Marshall William R, Curran Gabriel A, Traynor Jamie P, Gillis Keith A, Mark Patrick B, Lees Jennifer S
School of Cardiovascular and Metabolic Health, University of Glasgow, Glasgow, UK.
Glasgow Renal and Transplant Unit, NHS Greater Glasgow and Clyde, Glasgow, UK.
Clin Kidney J. 2024 Oct 21;17(11):sfae313. doi: 10.1093/ckj/sfae313. eCollection 2024 Nov.
Sodium zirconium cyclosilicate (SZC) reduces serum potassium in patients with chronic hyperkalaemia in clinical trials, but its role in the emergency treatment of hyperkalaemia is unproven. We hypothesized that SZC use for emergent hyperkalaemia would be associated with a reduction in rates of emergency interventions for hyperkalaemia.

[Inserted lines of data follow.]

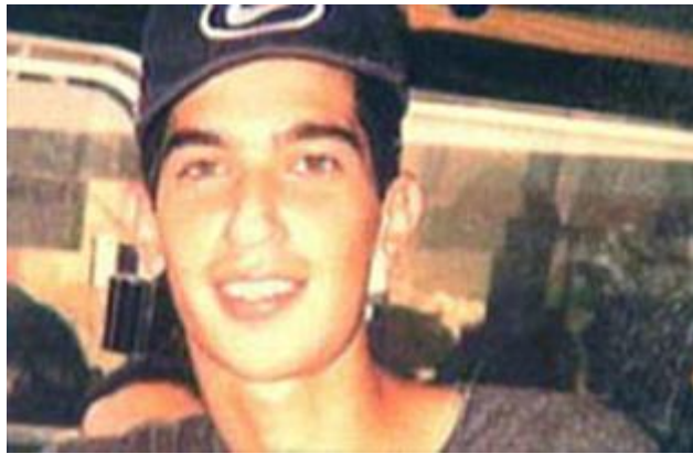
Links Abu Mazen ontmoet en vereerd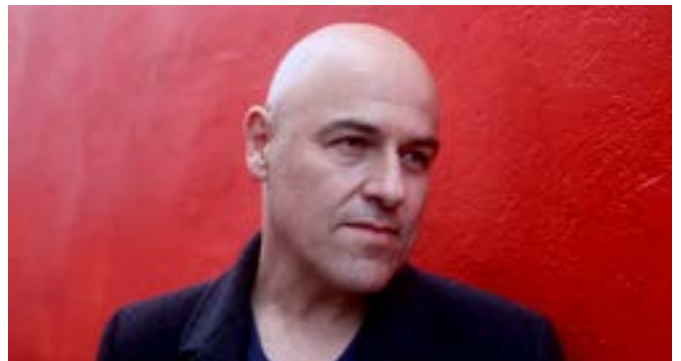
Dominique A © Vincent Delerm

Dans son premier album sorti en mars 2018, Palatine raconte ces entrelacs de destins qui nous emmènent ici ou ailleurs, avec tel ou tel autre, à nous aimer, à nous haïr. Le groupe, constitué de quatre membres, cultive des influences Folk / Rock dont se dégagent une poésie noire, un (dés)espoir lumineux, induits par une écriture au cordeau et des arrangements crépusculaires.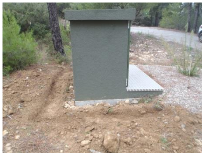
Creusement de la fouille de fondation.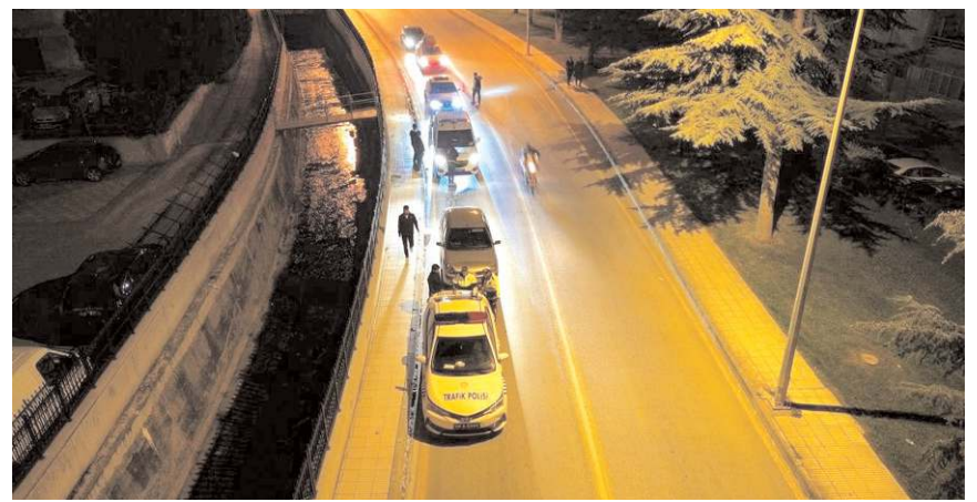
Uygulamada araçlar bir bir durdurularak kontrol edildi.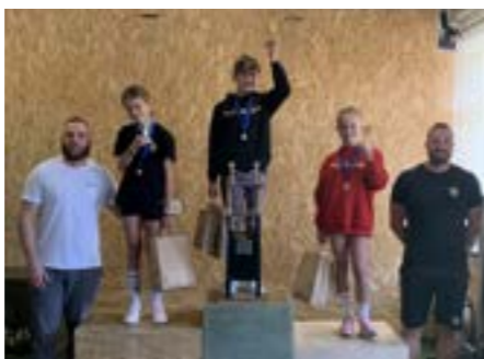
Steve cup víťazi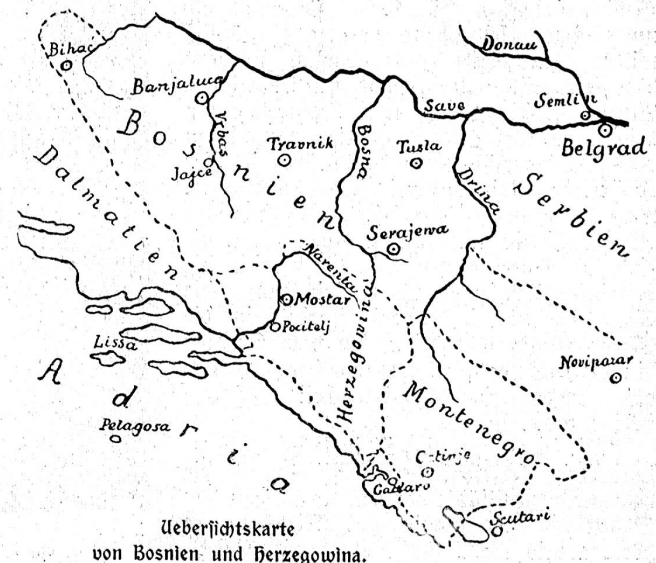
Uebersichtskarte von Bosnien und Herzegowina.

fertigen es, wenn wir unsere Leser mit diesem Teil des Kriegsschauplazes, mit Bosnien überhaupt etwas näher bekannt machen.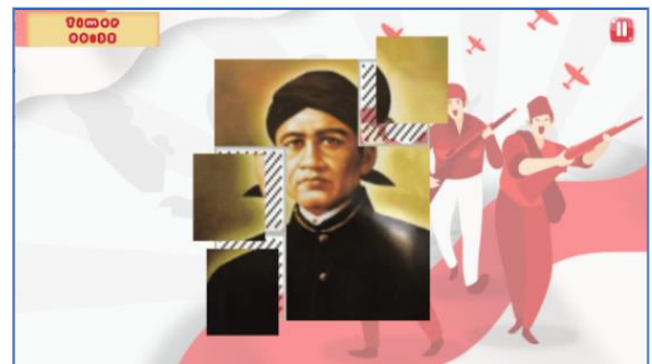
Gambar 4 Halaman Game Puzzle

Halaman game puzzle adalah halaman yang berisi game puzzle yang bisa dimainkan. Berikut tampilan halaman game puzzle yang dapat dilihat pada Gambar 4.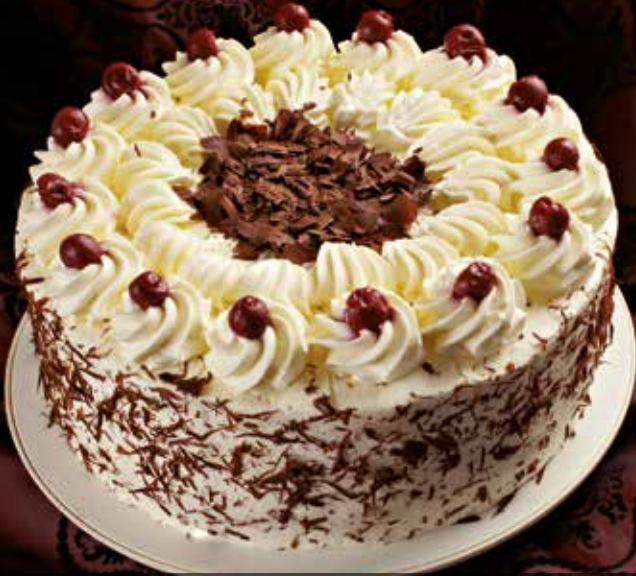
Schwarzwälder Kirschtorten - Backvorführung in Bad Peterstal-Griesbach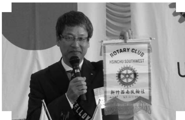
▲川向君「台湾(新竹西南RC)例会へメイクの報告」(10/18)

This was a single-centre, propensity score-weighted case-control study of patients admitted with hyperkalaemia to a specialist renal centre. We randomly selected 250 patients admitted between April 2021 and September 2022 (post-SZC era) with a potassium level ≥5.5 mmol/l treated with at least one ≥10 g dose of SZC (treatment group). We randomly selected a comparator group of 250 patients admitted between January 2018 and December 2019 (pre-SZC era) with a potassium level ≥5.5 mmol/l (control group). Baseline demographic and clinical characteristics were recorded and used as covariates for propensity scoring and inverse probability treatment weighting (IPTW). Our primary outcome measure, rates of emergency haemodialysis (HD), was tested using unadjusted models and multivariable logistic regression models on unweighted data in addition to unadjusted models on weighted data. We also reviewed rates of emergency temporary central venous access as a secondary outcome.
A total of 59% were male, the mean age was 67 years (standard deviation 14) and 149 (30%) were receiving maintenance dialysis. IPTW achieved satisfactory balance of covariates between the treatment and control groups. In the treatment group, patients were 77% less likely to need emergency HD {odds ratio [OR] 0.23 [confidence interval (CI) 0.17-0.31]}. This result was consistent following analysis of weighted and unweighted data. Similarly, patients treated with SZC were 73% less likely to require emergency temporary central venous access [OR 0.27 (CI 0.20-0.36)].
SZC was associated with a significant reduction in the rates of emergency HD and emergency temporary central venous access in patients admitted to a specialized renal centre with emergent hyperkalaemia.
在临床试验中,环硅酸锆钠(SZC)可降低慢性高钾血症患者的血清钾水平,但其在高钾血症急诊治疗中的作用尚未得到证实。我们推测,使用SZC治疗急性高钾血症将降低高钾血症急诊干预的发生率。
这是一项在专科肾脏中心进行的单中心、倾向评分加权病例对照研究,研究对象为因高钾血症入院的患者。我们随机选取了2021年4月至2022年9月(SZC时代后)入院的250例血钾水平≥5.5 mmol/L且接受至少一剂≥10 g SZC治疗的患者(治疗组)。我们随机选取了2018年1月至2019年12月(SZC时代前)入院的250例血钾水平≥5.5 mmol/L的患者作为对照组。记录基线人口统计学和临床特征,并将其用作倾向评分和逆概率治疗加权(IPTW)的协变量。我们的主要结局指标是急诊血液透析(HD)的发生率,除了对加权数据进行未调整模型分析外,还对未加权数据使用未调整模型和多变量逻辑回归模型进行检验。我们还将急诊临时中心静脉置管率作为次要结局指标进行了评估。
共有59%为男性,平均年龄为67岁(标准差14),149例(30%)正在接受维持性透析。IPTW使治疗组和对照组之间的协变量达到了满意的平衡。在治疗组中,患者需要急诊HD的可能性降低了77%{比值比[OR] 0.23 [置信区间(CI)0.17 - 0.31]}。对加权和未加权数据进行分析后,这一结果是一致的。同样,接受SZC治疗的患者需要急诊临时中心静脉置管的可能性降低了73%[OR 0.27(CI 0.20 - 0.36)]。
在因急性高钾血症入住专科肾脏中心的患者中,SZC与急诊HD率和急诊临时中心静脉置管率的显著降低相关。